Transtasman brewer Lion Nathan is confident its New Zealand unit, Lion Breweries, will perform in the 2005 financial year.
Spokesman James Tait said Lion Breweries, which markets Lion Red, Speights and Steinlager, would contribute its share to the group's 2005 net profit guidance of $230 million to $235 million.
This despite beer shipments falling 4.3 per cent in the first quarter of the 2005 financial year, the three months to December 31.
"The mainstream beer market in New Zealand has been challenging against the backdrop of an ongoing premiumisation of the overall market," Tait said yesterday.
"Within that context, the fact that Speights is in growth is a significant achievement. Accordingly, the outlook for our premium brands is positive - all of which are experiencing solid growth."
Tait added, referring to all of Lion Nathan's operations, that "you can see [from the profit guidance] from that we have confidence in the long-term health of the business".
Tait's comments came after the head of Lion Breweries, Julian Davidson, resigned amid market concerns about the health of the New Zealand brewing operations.
Lion Nathan said Davidson had decided that it was time for a change after three years at the helm. His resignation had nothing to do with the New Zealand unit's performance.
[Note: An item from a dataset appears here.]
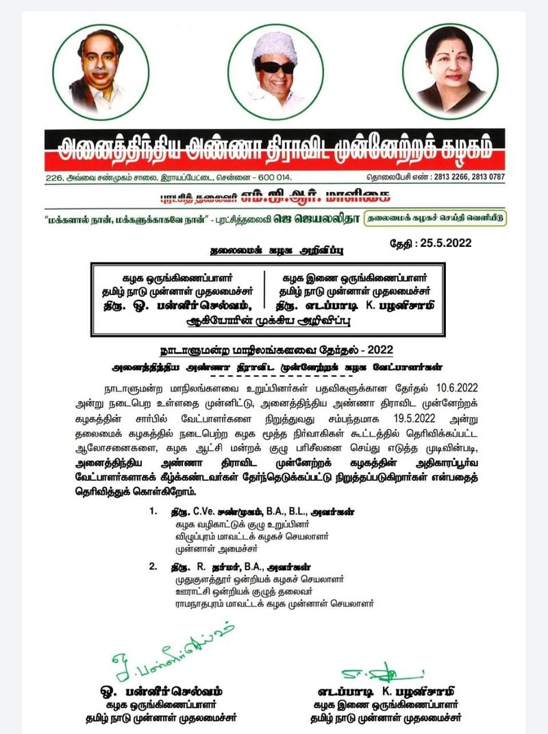 இதுக்குறித்து அதிமுக ஒருங்கிணைப்பாளர் ஓ.பன்னீர்செல்வம், இணை ஒருங்கிணைப்பாளர் எடப்பாடி பழனிசாமி ஆகியோர் கூட்டாக வெளியிடுள்ள அறிக்கையில், நாடாளுமன்ற மாநிலங்களவை தேர்தல் அனைத்திந்திய அண்ணா திராவிட முன்னேற்றக் கழக வேட்பாளர்கள் நாடாளுமன்ற மாநிலங்களவை உறுப்பினர்கள் பதவிகளுக்கான தேர்தல் 10.6.2022 அன்று நடைபெற உள்ளதை முன்னிட்டு, அனைத்திந்திய அண்ணா திராவிட முன்னேற்றக் கழகத்தின் சார்பில் வேட்பாளர்களை நிறுத்துவது சம்பந்தமாக 19.5.2022 அன்று தலைமைக் கழகத்தில் நடைபெற்ற கழக மூத்த நிர்வாகிகள் கூட்டத்தில் தெரிவிக்கப்பட்ட ஆலோசனைகளை, கழக ஆட்சி மன்றக் குழு பரிசீலனை செய்து எடுத்த முடிவின்படி, அனைத்திந்திய அண்ணா திராவிட முன்னேற்றக் கழகத்தின் அதிகாரப்பூர்வ வேட்பாளர்களாக முன்னாள் அமைச்சர் சி.வி.சண்முகம், முதுகுளத்தூர் ஒன்றியக் கழகச் செயலாளர் ஊராட்சி ஒன்றியக் குழுத் தலைவர் ம்ற்றும் ராமநாதபுரம் மாவட்டக் கழக முன்னாள் செயலாளர் தர்மர் ஆகியோர் தேர்ந்தெடுக்கப்பட்டு நிறுத்தப்படுகிறார்கள் என்பதைத் தெரிவித்துக் கொள்கிறோம் என்று தெரிவிக்கப்பட்டுள்ளது.

He would be replaced by Lion Nathan's Kiwi wine and spirits boss, Peter Kean.
Transtasman analysts said their concerns about Lion Breweries' performance were linked to the New Zealand economy, smoking bans, imported beverages displacing Lion's sales volume and increased competition for market share.
At 5pm yesterday, Lion Nathan shares were unchanged at $8.10, having gained more than 21 per cent in the past year.